Submissives Don't Have Wants.

   The temptation to look down was strong, but I forced my eyes to remain on his. "No, Master," I said honestly. "I want to come badly, and it's hard to push aside my wants for yours."
   It shamed me to admit I wasn't yet where I needed to be in my service to him.
   "Your honesty pleases me." He stroked my cheek. "Don't feel guilty over your feelings. I know it's still early in your journey. I know you aren't yet able to completely put aside your wants. You'll get there eventually."

- The Training, Tara Sue Me, pgs. 172-173

*SIGH*

I'd like a virtual show of hands, please- Who among you has ever prioritized someone else's wants above your own?

How many parents have put aside what they wanted for something their kid(s) wanted?
How many grown children have put aside their wants for those of their parents?
How many friends have put aside a want in favor of something their friend wanted?
How many employees have put aside a want to instead do what their boss or another coworker wanted?
How many spouses/significant others/folks in a relationship have put their partner's wants ahead of their own?

OK.
I'm willing to bet that everybody who reads this little bloggy thinger of mine has raised their hand to at least one of those questions. I feel it's pretty safe to assume that we have all, at some point, prioritized another person's wants before our own.

Next question- How many of you think that prioritizing wants equates to not having wants?

Seriously. Think about it. If you really really want to go to the park for a picnic but your significant other really really wants to go see Intergalactic Toad Troopers from Planet Z Vs The Mothmen, and you agree to go see the movie does that mean you don't have wants or that you made their want a priority?

Do you see where I'm going with this?

There's this idea that submissives don't have wants and if we do have wants it's something we can eventually learn to not have. The passage I quoted at the beginning of this blog is an example of that- The s-type partner has a want and feels ashamed, the D-type partner assures her that she'll eventually learn how not to want.

And I suppose that to someone who isn't a submissive that's how it can appear- But that appearance isn't correct and passing on that appearance as fact is harmful.

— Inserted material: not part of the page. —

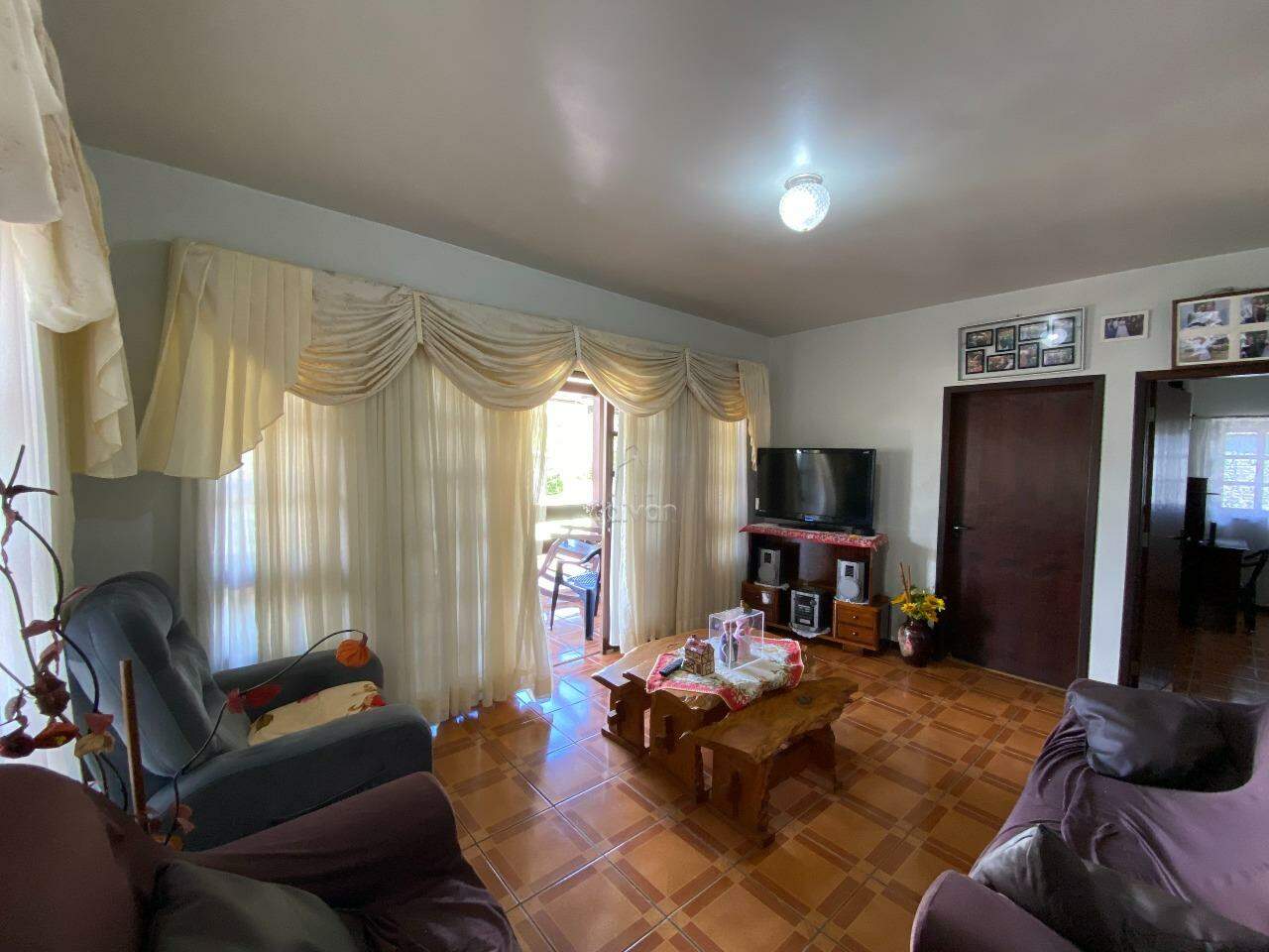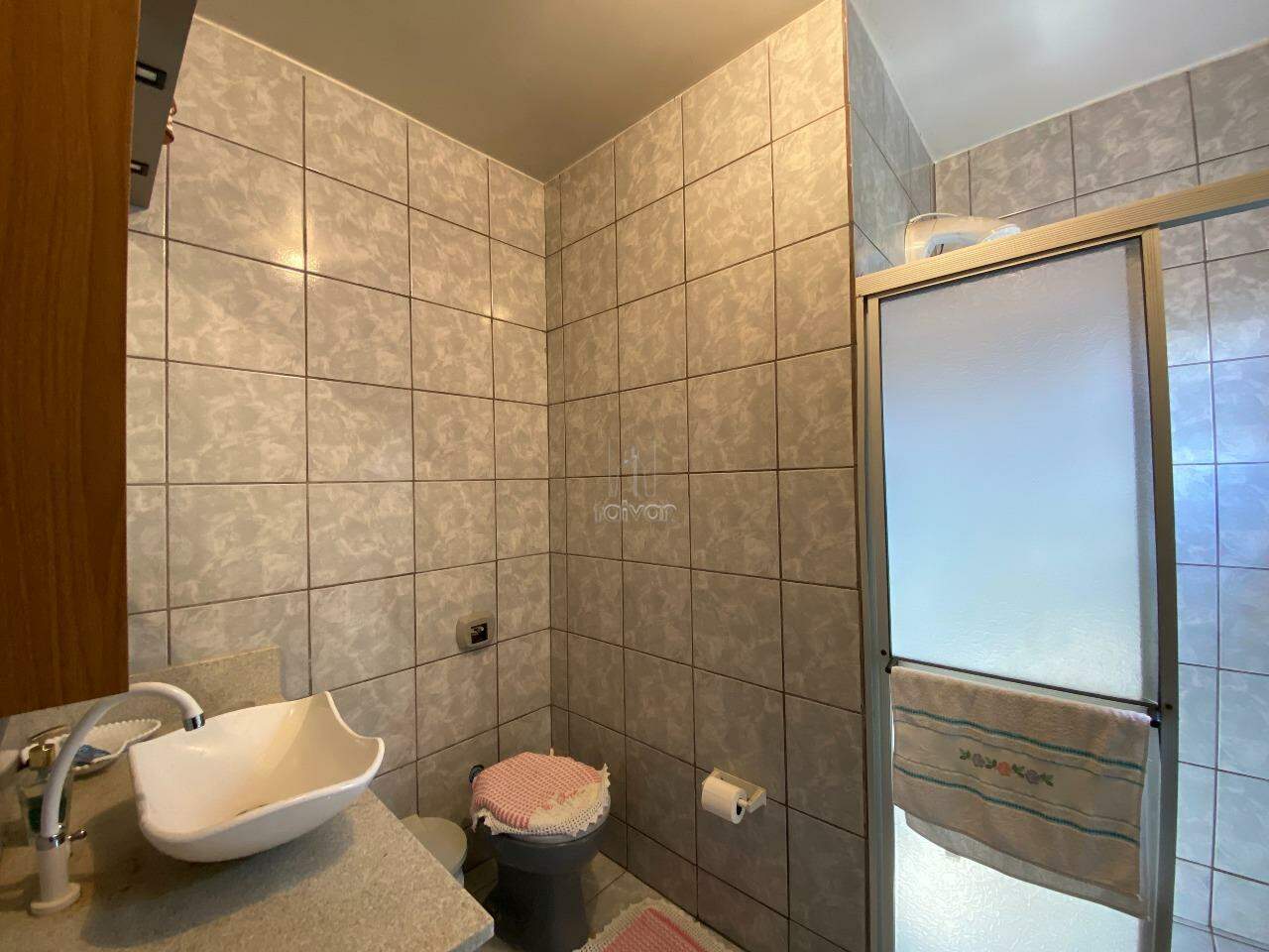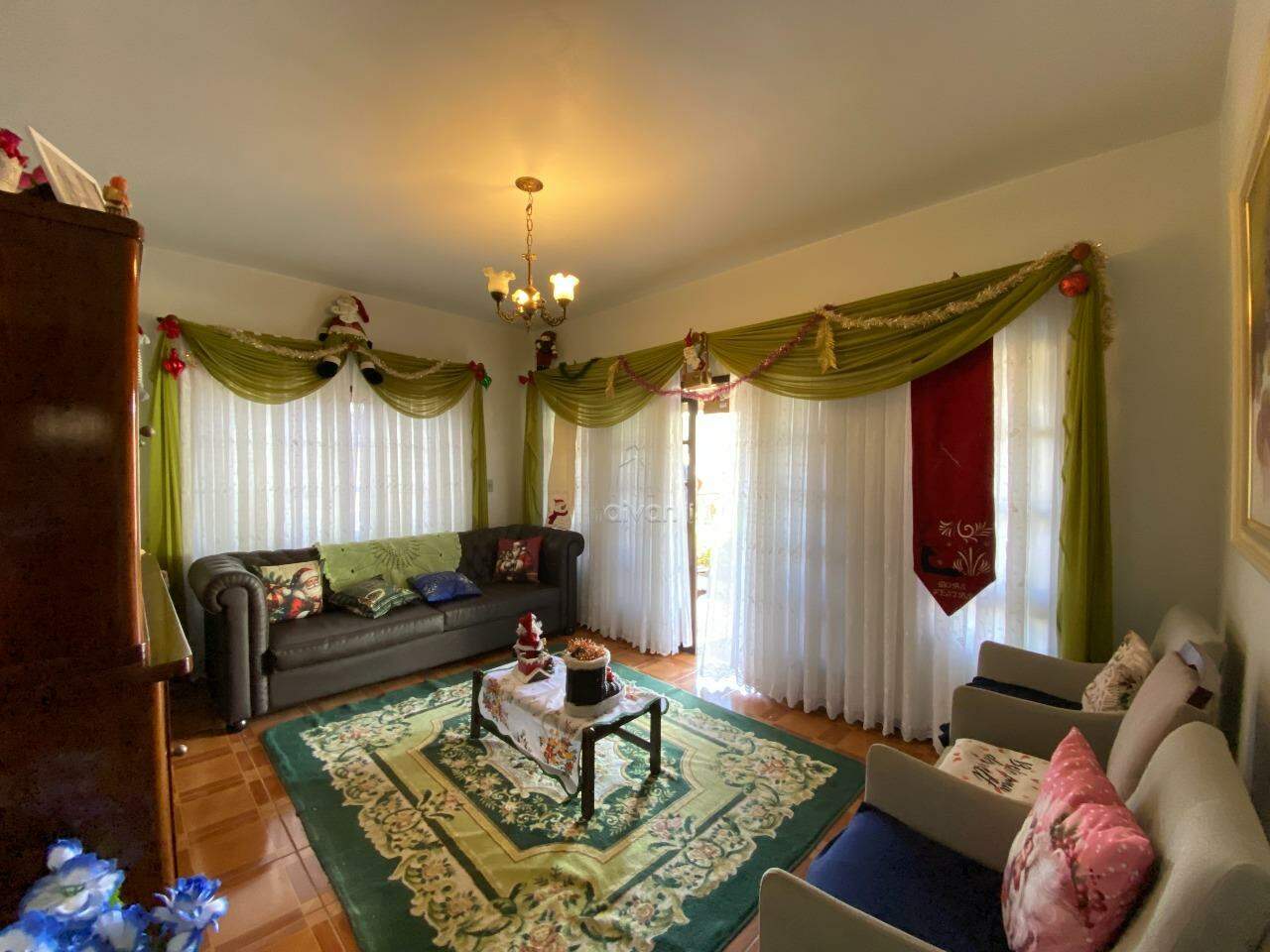 Conta com sala de estar, de TV, copa/cozinha, 2 suítes, 2 quartos, 1 banheiro social, 1 lavabo, área de serviço, área de festas com churrasqueira, quintal e 2 vagas.

Submissives don't have some sort of super power that allows us to magically not want anything. We don't have some special ability, we don't learn to not want. What we can do is prioritize our wants and our D-types wants.

We do the same thing that everybody else does, only for a good many of us we agree make the other person's wants a priority much more often than our own... And that's it.

So fiction writers, bad erotica producers, and ill-informed D-types and s-types... Please stop perpetuating a myth that is entirely inaccurate and causes harm to the newbies who don't know better. 

A submissive is always going to have wants, just like any other person, and there is nothing about that to feel guilt or shame over.